DATASET RECORDS:
※ ※ ※

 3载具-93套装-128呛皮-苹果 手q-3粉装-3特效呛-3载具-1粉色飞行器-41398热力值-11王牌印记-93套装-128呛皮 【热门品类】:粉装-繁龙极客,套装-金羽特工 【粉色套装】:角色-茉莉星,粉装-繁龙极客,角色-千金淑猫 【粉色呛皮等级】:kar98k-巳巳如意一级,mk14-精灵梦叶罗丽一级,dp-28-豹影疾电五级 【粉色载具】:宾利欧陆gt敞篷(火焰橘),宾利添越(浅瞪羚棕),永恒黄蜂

※ ※ ※

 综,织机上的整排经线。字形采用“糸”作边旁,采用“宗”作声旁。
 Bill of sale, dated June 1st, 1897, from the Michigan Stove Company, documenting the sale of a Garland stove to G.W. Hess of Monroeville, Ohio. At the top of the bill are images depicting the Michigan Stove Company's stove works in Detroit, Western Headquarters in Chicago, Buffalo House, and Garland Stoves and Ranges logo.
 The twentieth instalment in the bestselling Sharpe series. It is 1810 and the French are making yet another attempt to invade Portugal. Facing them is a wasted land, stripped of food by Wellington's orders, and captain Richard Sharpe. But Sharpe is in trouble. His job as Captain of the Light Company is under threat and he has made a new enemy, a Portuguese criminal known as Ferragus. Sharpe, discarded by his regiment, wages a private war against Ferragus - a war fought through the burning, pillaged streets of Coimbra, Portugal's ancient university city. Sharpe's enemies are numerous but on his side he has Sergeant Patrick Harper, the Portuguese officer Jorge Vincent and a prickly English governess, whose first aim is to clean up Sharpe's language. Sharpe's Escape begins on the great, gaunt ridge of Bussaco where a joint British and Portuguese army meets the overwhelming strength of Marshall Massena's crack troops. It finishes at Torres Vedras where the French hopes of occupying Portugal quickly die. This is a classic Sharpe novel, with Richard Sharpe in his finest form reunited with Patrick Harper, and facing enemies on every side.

※ ※ ※

Which lines of the data include the string "Company"? Copy each of them.

ANSWER TO THIS EXERCISE:
 Bill of sale, dated June 1st, 1897, from the Michigan Stove Company, documenting the sale of a Garland stove to G.W. Hess of Monroeville, Ohio. At the top of the bill are images depicting the Michigan Stove Company's stove works in Detroit, Western Headquarters in Chicago, Buffalo House, and Garland Stoves and Ranges logo.
 The twentieth instalment in the bestselling Sharpe series. It is 1810 and the French are making yet another attempt to invade Portugal. Facing them is a wasted land, stripped of food by Wellington's orders, and captain Richard Sharpe. But Sharpe is in trouble. His job as Captain of the Light Company is under threat and he has made a new enemy, a Portuguese criminal known as Ferragus. Sharpe, discarded by his regiment, wages a private war against Ferragus - a war fought through the burning, pillaged streets of Coimbra, Portugal's ancient university city. Sharpe's enemies are numerous but on his side he has Sergeant Patrick Harper, the Portuguese officer Jorge Vincent and a prickly English governess, whose first aim is to clean up Sharpe's language. Sharpe's Escape begins on the great, gaunt ridge of Bussaco where a joint British and Portuguese army meets the overwhelming strength of Marshall Massena's crack troops. It finishes at Torres Vedras where the French hopes of occupying Portugal quickly die. This is a classic Sharpe novel, with Richard Sharpe in his finest form reunited with Patrick Harper, and facing enemies on every side.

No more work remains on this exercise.